Member of the Legislative Chamber
- Incumbent
- Assumed office January 2020

Personal details
- Born: 30 September 1971 (age 54) Andijan, Uzbek SSR, Soviet Union (now Uzbekistan)
- Party: UzLiDeP

= Umidaxon Zakirova =

Uzbek teacher, poet and politician (born 1971)

Umidakhon Ahmadjanova Zakirova (born 30 September 1971) is an Uzbek teacher, poet and politician. Since 2020, Zakirova is deputy of the Legislative Chamber from Andijan constituency No. 9. She is a member of the Uzbekistan Liberal Democratic Party.

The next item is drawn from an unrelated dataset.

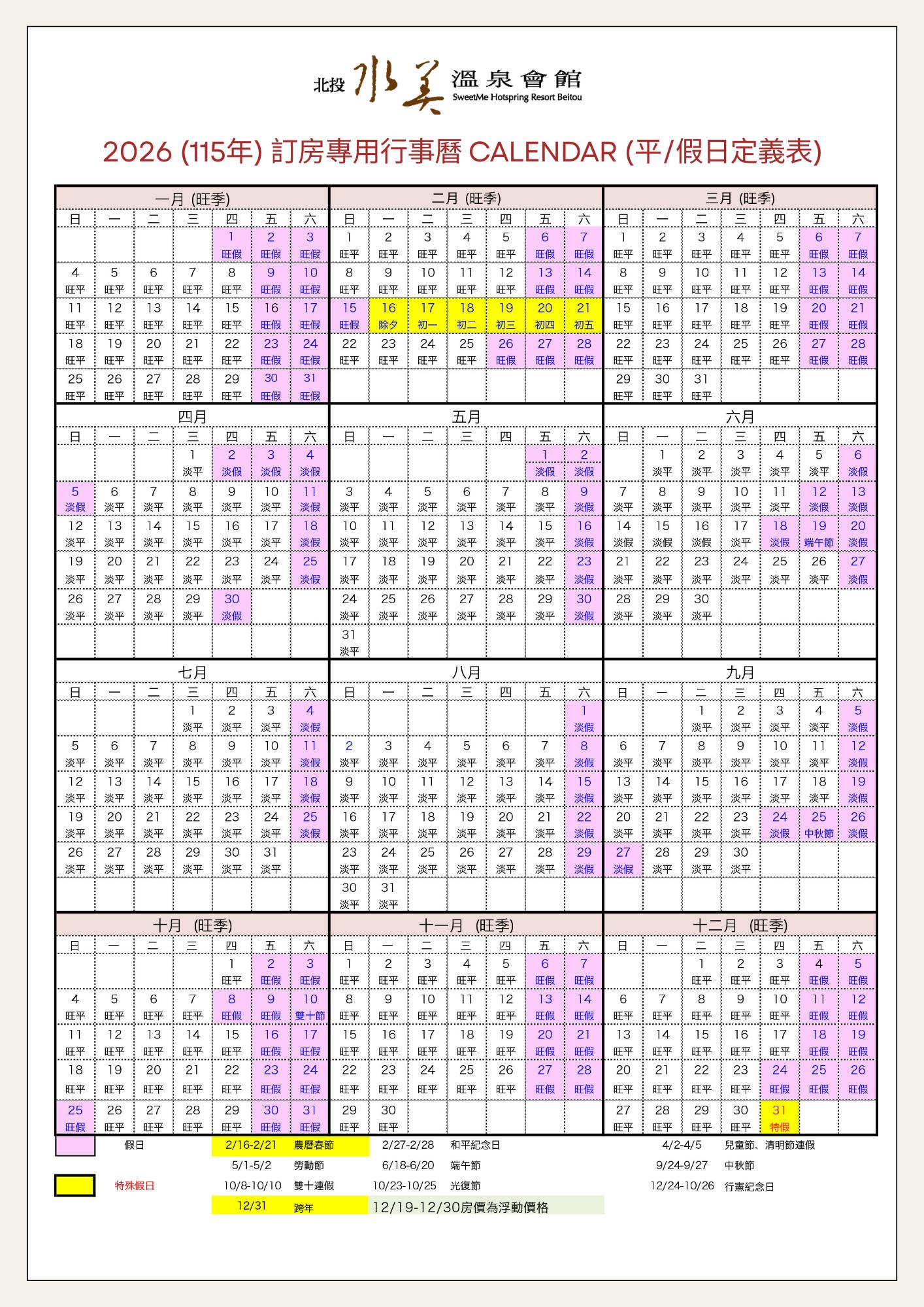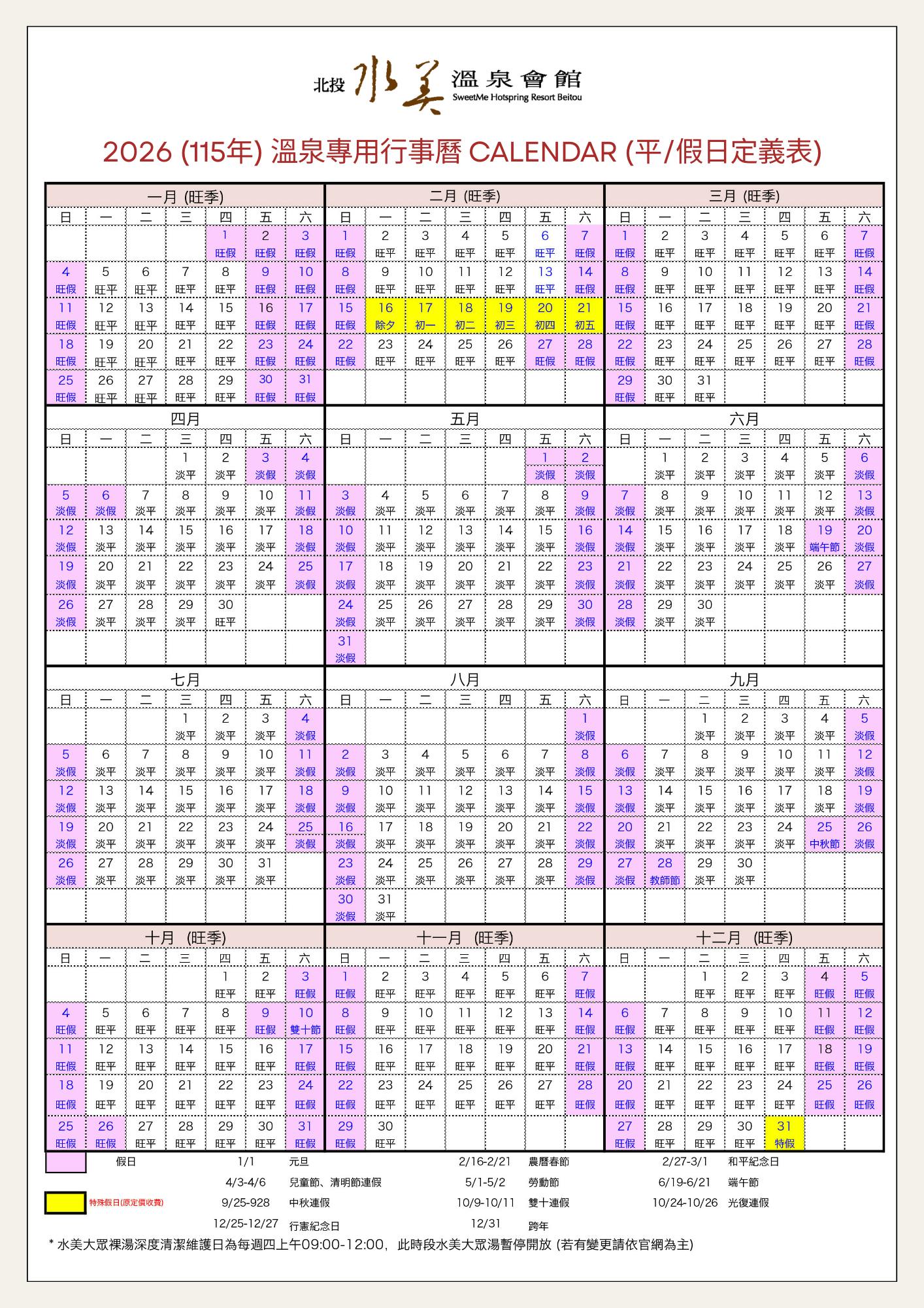- 1/1、2/27-3/1、4/3-4/6、5/1-5/2、6/19-6/21、9/25-9/28、10/9-10/11、10/24-10/26、12/25-12/27

==Early life and education==
Zakirova was born on 30 September 1971 in Andijan. She received higher education, graduating from the Andijan State Pedagogical Institute of Languages in 1994. She then became a teacher of the Russian language and literature.

==Career==
Zakirova began her career in 1988 as a laboratory assistant at the Andijan Pedagogical Institute of Languages. From 1994 to 2004, she worked as a teacher of Russian language and literature, deputy director for career guidance at secondary school No. 30 in Andijan. From 2004 to 2015, she also served as Deputy Director for Spiritual and Educational Issues at this educational institution. From 2015 to 2019, she served as director of secondary school No. 4 in Andijan. In 2019, she was appointed director of secondary school No. 11 in Andijan.

==Political career==
In the Legislative Chamber, Zakirova is a member of the Committee on Labor and Social Issues, a member of the Faction of the Movement of Entrepreneurs and Business People as part of the Liberal Democratic Party.

==Personal life==
In addition to her native Uzbek, Zakirova speaks Russian, Turkish and English. She is married and has three children.

==Awards==
Zakirova was awarded the "15 years of Independence of Uzbekistan" and "27 years of the Constitution of Uzbekistan" commemorative awards, and the "Excellence in Public Education" badge.